Well, this has been really productive. Let's meet back up next week about the same time?


----------



## YouthD (Sep 27, 2011)

I've made a couple scratches on my screen, I keep on forgetting to get a screen cover.


----------



## ProCompSolutions (Jul 11, 2011)

I wrapped mine in carbon fiber lol

Sent from my DROID BIONIC using Tapatalk


----------



## dadsterflip (Jul 16, 2011)

Mine has a hair stratch on the top corner and I cry almost ever night lol. Even doh you cant see it unless your staring really hard lol.


----------



## beehiveblack (Sep 23, 2011)

You people need to take it easy with yer gadgets...

3 phones
OG DROID
DROID X
BIONIC

no screen protectors, no scratches...EVAR!

Sent from my DROID BIONIC using Tapatalk


----------



## MistaWolfe (Oct 10, 2011)

ProCompSolutions said:


> I wrapped mine in carbon fiber lol
> 
> Sent from my DROID BIONIC using Tapatalk


I did that with my x2. What hurts the most is this: the parts that got injured were covered. Ouch.
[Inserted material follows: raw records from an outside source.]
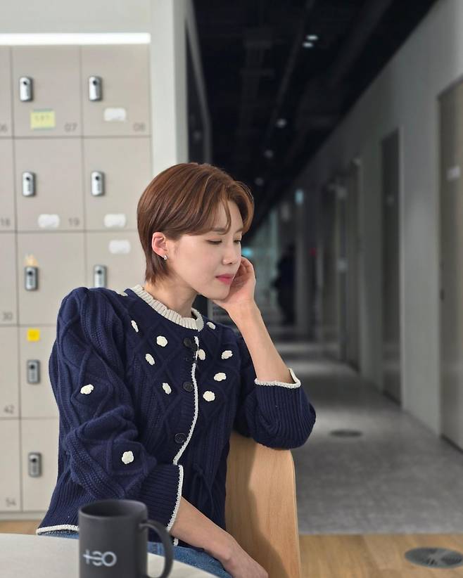 사진 속 장도연은 플라워 패턴이 새겨진 남색 가디건을 입고 꽃다운 미모를 뽐내고 있습니다.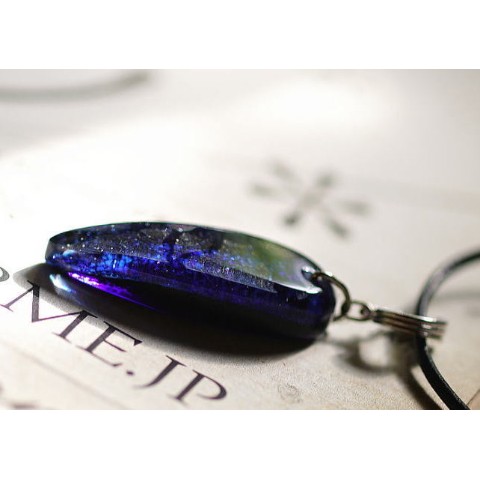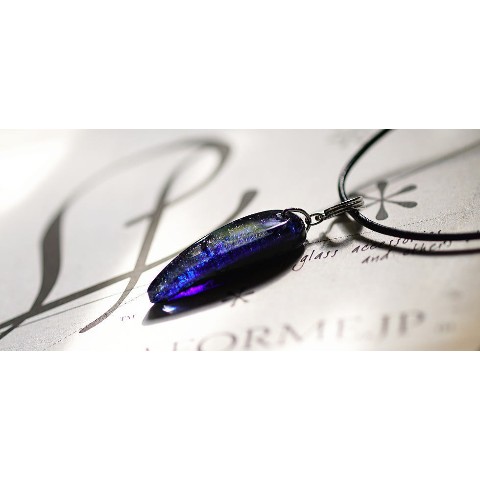 ガラスアクセサリー / コレクション:ネックレス・ペンダント / 180622-181518 / 3143 / アメリカンガラス / 約41×14×9mm / 青紫系 イリデセント(ラメ)加工 / あずきチェーン シルバー色 50cm / La forme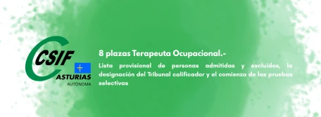 8 plazas Terapeuta Ocupacional.-Lista provisional de personas admitidas y excluidas, la designación del Tribunal calificador y el comienzo de las pruebas selectivas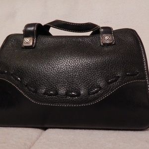 BRIGHTON, black leather, fold over top, pre owned. in excellent condition. contact us with any questions.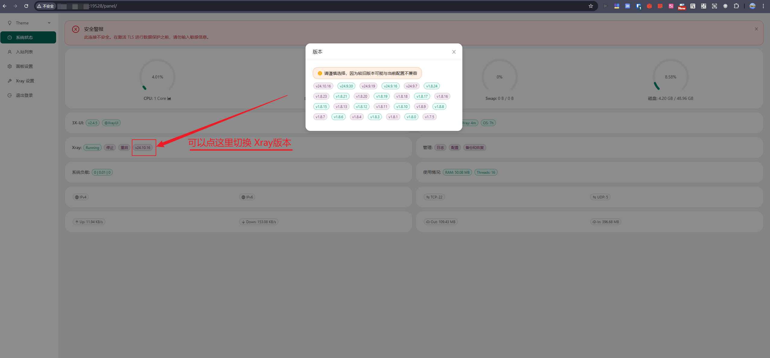 这里不用管,后续到了配置代理的时候在选择。主界面会显示一些信息:x-ui版本/IP地址/xray版本切换/瞬时网络流量/总共用了多少流量/连接数等等,方便查看。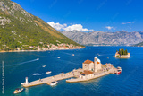 Saint George Island and Church of Our Lady of the Rocks in Perast, Montenegro. Our Lady of the Rock island and Church in Perast on shore of Boka Kotor bay (Boka Kotorska), Montenegro, Europe.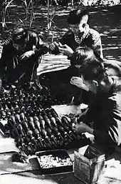 The North Vietnamese Communist Party approved a "people's war" on the South at a session in January 1959,[28]: 119–120 and, in May, Group 559 was established to maintain and upgrade the Ho Chi Minh trail, at this time a six-month mountain trek through Laos. On 28 July, North Vietnamese and Pathet Lao forces invaded Laos, fighting the Royal Lao Army all along the border. Group 559 was headquartered in Na Kai, Houaphan province in northeast Laos close to the border.[109]: 26 About 500 of the "regroupees" of 1954 were sent south on the trail during its first year of operation.[110] The first arms delivery via the trail was completed in August 1959.[111] In April 1960, North Vietnam imposed universal military conscription for adult males. About 40,000 communist soldiers infiltrated the south from 1961 to 1963.[56]: 76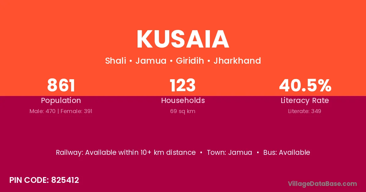 Kusaia village has a total population of 861 people, of which 470 are males and 391 are females.
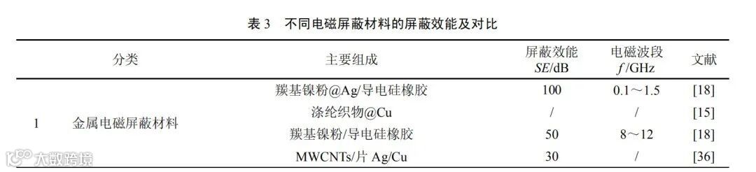 江南大学的徐文正等在 PET 非织布表面采用直流磁控溅射技术沉积 Ag 膜,兼具 Ag 优异的导电性,极大提高了反射损耗,0.03~1.5 GHz 频率范围内,屏蔽效能达 39.37 dB,屏蔽性能中等。北京工商大学的温变英等通过流延法制备了具有梯度分布结构的聚醚酰亚胺 PEI/Ni 电磁屏蔽膜,梯度结构提高了吸收损耗和多次反射衰减,电磁屏蔽性能达 40 dB 左右,屏蔽性能中等。北京国电富通科技发展有限责任公司的郑永立等将硅烷偶联剂改性石墨烯涂料喷涂橡胶,兼具石墨烯优异的导电和导磁性能,制得电磁屏蔽材料,屏蔽效能达 82 dB,屏蔽性能良好。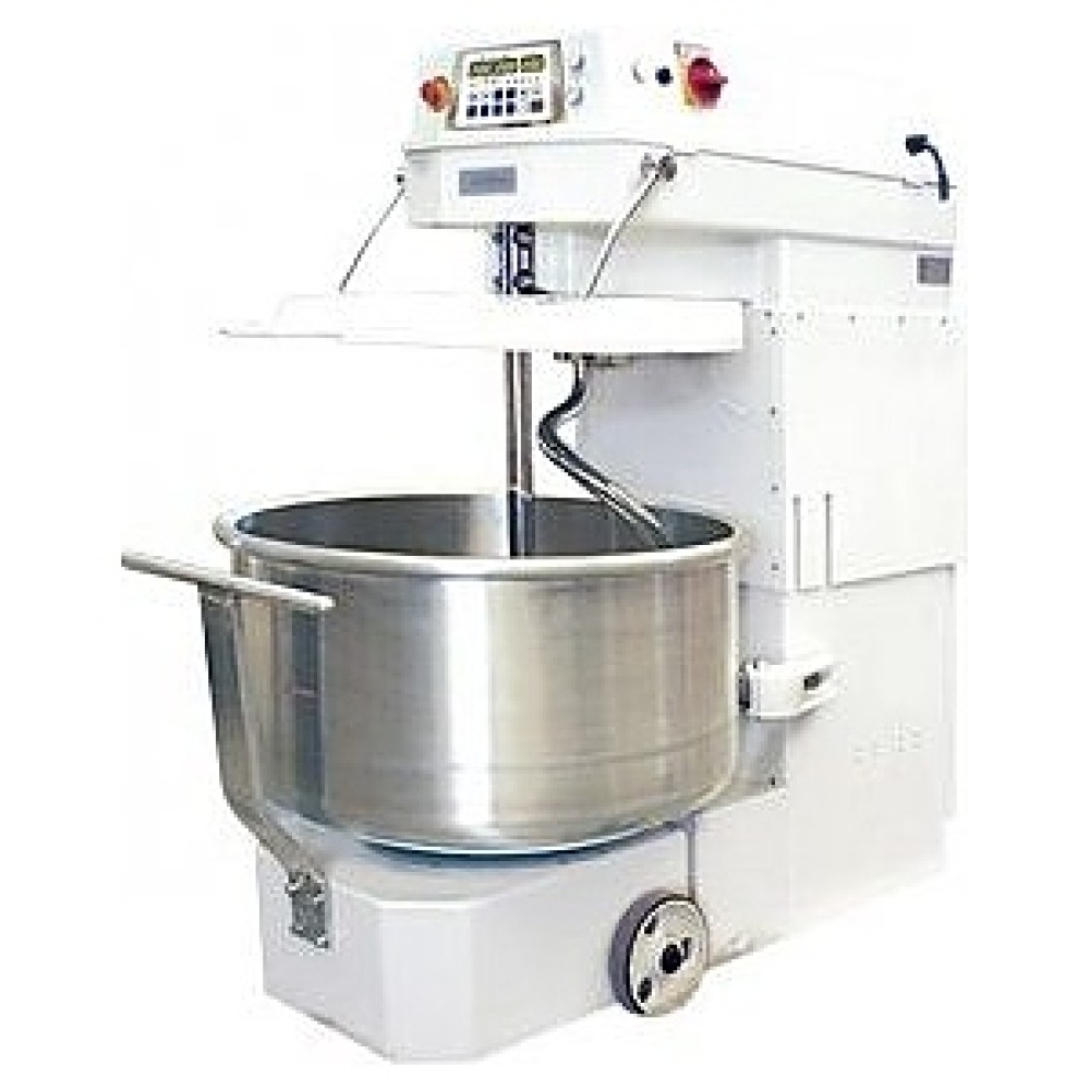 Двухскоростная тестомесильная машина Sinmag SM-120A используется для интенсивного замеса теста (влажностью 39-54%) из пшеничной и ржаной муки. 1-ая скорость аппарата предназначена для перемешивания сырья, 2-ая – для замеса теста. Благодаря этому, а также спиральной форме месильного органа, процесс замеса теста происходит значительно быстрее, чем на других тестомесах.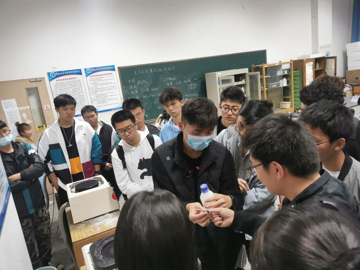 金相磨制分为打磨、抛光、腐蚀和观察四个步骤。了解相关流程以后,同学们开始动手打磨。在场的工作人员协助并指导同学们,指出存在的问题,给出解决办法,同时认真确保同学们的安全。在抛光时尤其要注意手腕用力以及试样表面温度,避免金相溅飞出去。李世平同学为大家指导试样抛光,确保大家安全规范的操作。抛光结束后就是金相试样的腐蚀。金相腐蚀主要是:酒精清洗-水清洗-3%硝酸腐蚀这几个步骤。在李世平同学的指导下同学们很快的完成了腐蚀操作。最后就是激动人心的显微镜下观察制备好的金相。同学们依次在显微镜下观察到了金相的相貌,领略金相的魅力。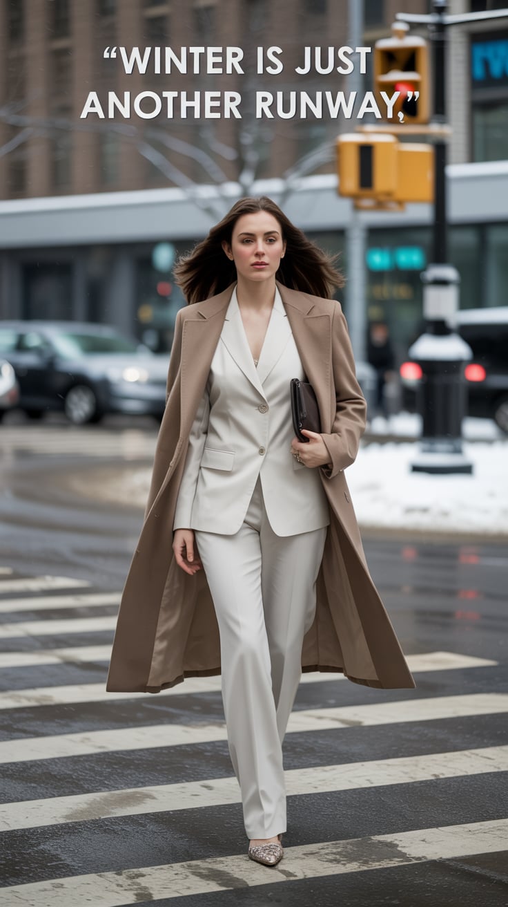 A cinematic shot of a (skin tone) female striding across a snowy crosswalk in a tailored white suit ...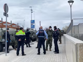 Los mismos efectivos han desinfectado los exteriores de la comisaría de Policía Local de Montgat (Barcelona) también este martes, donde además han limpiado los coches patrulla del cuerpo.

Never leaving silicone again. TPU for life.


----------



## 2defmouze (Oct 12, 2011)

beehiveblack said:


> You people need to take it easy with yer gadgets...
> 
> 3 phones
> OG DROID
> ...


Jesus do you ever leave the house???

Haha jk... but yeah people gotta take care of their junk! Got a simple silicon case and a screen protector since day 1 and my bionic looks as good as when I took it out of the box... Runs a lot better though


----------



## moosc (Jun 15, 2011)

First my DX was unprotected from release day till well still have it no scratches on it. Bionic I think there is some type of film covering the screen it has alot fine scratches and is finger print magnet. Any way all ready ordered a wrapsol proctector for my nexi

Sent from my DROID BIONIC using Tapatalk


----------



## marleyinoc (Oct 10, 2011)

Yeah I've said it before - I got Otterbox Defender just prior rooting my phone... Didn't want to have to go thru rigamarole if something like cracked screen happened and I had to send back on insurance. I hadto take case off again tonight to pull battery (was showing my dad ics.. he used to be on CM when we both had droid1's) .. anyway it froze... i haven't put case back on yet and kinda feeling like it is hella more responsive naked... not that I noticed issues so much when using defender...


----------



## terryrook (Jun 10, 2011)

I've always used the invisible shield. On all my devices. When the bionic first came out all they had was the dx one. It left the top off the screen exposed and when I changed it to the actual bionic protector I noticed how pristine the exposed parts still were. I thought gorilla glass was scratch proof? Mine seems to be and I was considering going bare back until I read your guys posts. Is it having kids that scratches an unscratchable phone or what?


----------



## MistaWolfe (Oct 10, 2011)

It's being an idiot and letting your phone fly out of your hands when walking outside.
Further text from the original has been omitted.